A Kiss Of Chaos (2009/Maya DVD) + Shake Hands With The Devil (2007/E1 DVD)

 

Picture: C+/C     Sound: C+     Extras: C-/C+     Films: B-/C

 

 

Sometimes a fictional film turns out to have more edge than a similar project based on a serious real life event.  It does not happen often, especially these days, but it can.

 

Ricardo Sean Thompson’s A Kiss Of Chaos (2009) starts out like many of the lame gangster films we’ve seen today, with tough talk, gunplay, a deadly situation caused by involvement in shady business and you know someone will die.  However, the writer/director has us quickly move into the thick of the story showing us that something much more is going on.  You have a subtle betrayal decision that puts a large bag of cocaine on the streets, a female artist who is dealing with her ugly family past (plus its current family repercussions and her private sexual relationships), you have others anxious & desperate to cash in on any opportunity whatsoever, then there are the owners of that narcotic package who want either the package or its cash equivalent… or both.

 

Though the drugs may be a MacGuffin, the point is it also serves as an excuse to be a character study of these people, their surroundings and things that becomes so realistically cold and cynical that this is one of the rare works of late that actually achieves true Film Noir territory versus the hundreds of posers and imitators we have had to suffer through in recent years.  Judy Marte, Manny Perez and Adam Rodriguez (in what he knowns is a scene-stealing role) head a cast of very good actors in one of the few good Gangster tales in post-The Sopranos era.  It may have some inconsistencies, some digital work does not work and we have seen some things here before, but it is one of the only such works of late to seem of its time and era without being a silly copy of endless clichés.

 

Thompson wrote and directed this work and may be one of the few next really promising directors out there in what has become a vast wasteland of wanna bees and phonies.  I hope he gets to make another film.

 

Roger Spottiswoode’s Shake Hands With The Devil, a 2007 effort that wants to tell us about a solider (Roy Dupris) fighting for survival against the same forces that responsible for genocide in Rwanda, sadly lands up being all over the place and despite being based on a book, I thought the script (based on the book by Lt.

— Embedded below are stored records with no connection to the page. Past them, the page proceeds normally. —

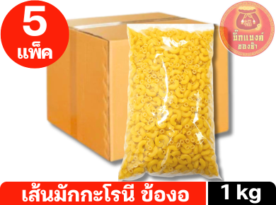 เส้นมักกะโรนี แบบข้องอ อย่างดี 1 กิโลกรัม [1 ลัง บรรจุ 5 ห่อ]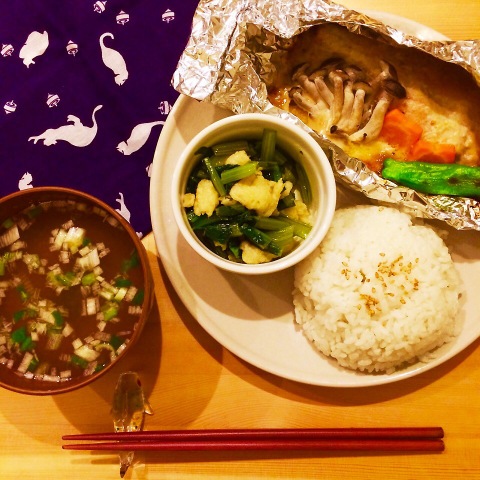 30分で出来る 和食ワンプレート 鮭のホイル焼きと小松菜の炒め物 暮らしニスタ
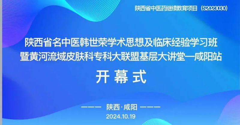 十月微凉,秋雨潇潇,桂香盈袖。值此收获的季节,我们齐聚历史悠久、文化底蕴深厚的古都咸阳,共同参与这场由陕西省中医医院主办、延安大学咸阳医院承办的“陕西省名中医韩世荣学术思想与临床经验学习班暨黄河流域皮肤科专科大联盟基层大讲堂—咸阳站”的学术盛宴。大会于2024年10月19日在陕西省咸阳市延安大学咸阳医院顺利召开。为进一步推动我国中医事业的发展,本次会议秉承开放、思变、创新的精神,邀请多位国内著名中医专家学者,共同分享中医领域最新研究进展以及临床诊疗方法和经验。

Roméo Ballaire, who Dupris plays) did not go all the way or beyond the confines of a very sadly predictable path of his story.

 

Working for the U.N., on behalf of his home country of Canada, he becomes a lone voice trying to go beyond the peacekeeping mandate in the country because the genocidal situation is so bad that he rightly believes it is insufficient to stop much worse form happening.  Though the acting is good and intent is sincere, the film is not much above a telefilm and feels late versus the likes of Hotel Rwanda, but it is at least a record if the truth.  The cast is good including mostly unknown actors here and the interesting Deborah Kara Unger.  At least it is an ambitious work.

 

The anamorphically enhanced 2.35 X 1 image on both features have their issues, both on the soft side, but Devil has larger issues with less detail and consistency throughout.  Chaos has some good shots and has a smart use of color that seems to be too rare these days.  The Dolby Digital 5.1 mixes on each also are really pushing the dialogue-based films which are more than simple stereo at best, though Chaos has more of a soundfield because it has good ideas about ambience in its soundmix.

 

Extras on Devil include a feature length audio commentary track with Spottiswoode & Ballaire, second with the other filmmakers and a Making Of featurette, while Chaos only has some trailers when it deserves much more.